Propos recueillis par SANDRINE TOLOTTI
Entre géopolitique et ballon rond
La semaine, cet homme-là évolue sous la lumière un peu blafarde des salles de cours et
des centres de conférences, où il s'efforce de comprendre le monde qui nous entoure.
Pascal Boniface dirige l'Institut de relations internationales et stratégiques (Iris) et
enseigne à Paris-VIII. Spécialiste des questions géopolitiques, il est ainsi l'auteur d'une
quarantaine d'ouvrages analysant les rapports de force mondiaux sous tous leurs
aspects.
Le week-end, ce passionné de foot depuis toujours - « une passion non réciproque, je
suis un joueur médiocre » - accompagne ses enfants et d'autres sur les stades,
s'efforçant de partager avec eux ses valeurs fondamentales : « Le football est un
formidable lieu d'apprentissage des règles de la vie en collectivité et de l'esprit de
solidarité. »
C'est donc assez naturellement que lui vint l'idée, à la veille de la Coupe du monde
1998, de réconcilier sa passion et son métier : personne, jamais, ne s'était penché sur
les aspects géostratégiques de ce jeu planétaire par excellence. Il trouva portes closes.

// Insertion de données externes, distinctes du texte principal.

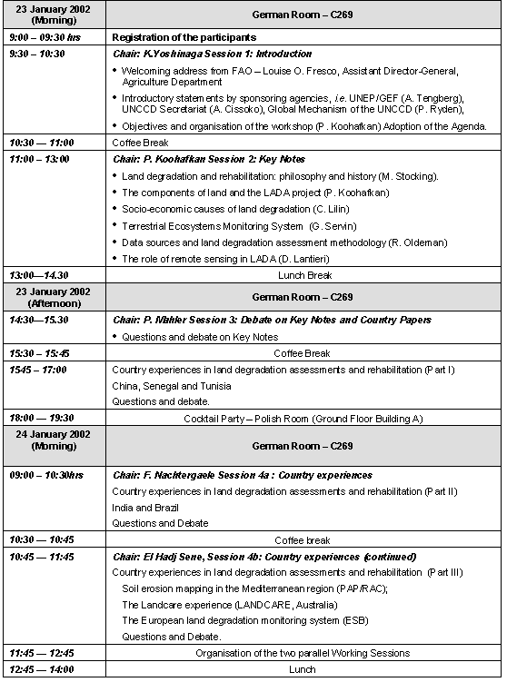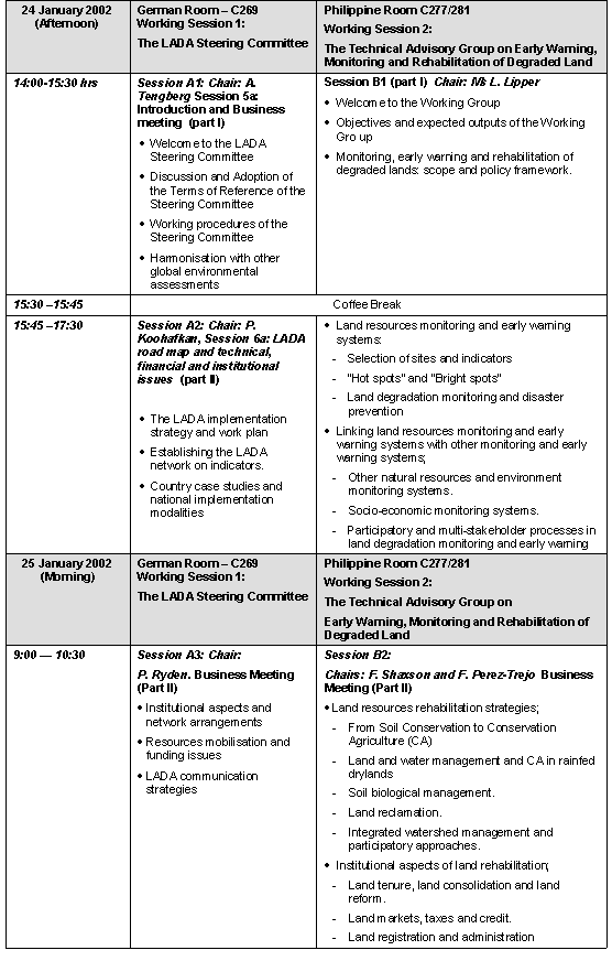 Meeting agenda and timetable

Aucun éditeur ne donna crédit à une démarche par trop iconoclaste. Qu'à cela ne
tienne : le projet devint un colloque organisé par l'Iris. Face au scepticisme ambiant, P.
Boniface avait réussi à prouver qu'il y avait bien là un sujet, et un sujet sérieux. Depuis,
sa démarche est mieux comprise. Il publie aujourd'hui le résultat de ces années de
recherche sur les rapports entre ballon rond et mondialisation.
Parmi ses ouvrages :
- Football et mondialisation, Armand Colin, 2006.
- Vers la 4e guerre mondiale, Armand Colin, 2005.
- Chroniques proche-orientales, 2001-2005 Dalloz, 2005.
- Les Relations internationales depuis 1945, Dalloz, 2005.
- La France contre l'empire, Robert Laffont, 2003.
- Est-il permis de critiquer Israël ?, Robert Laffont, 2003.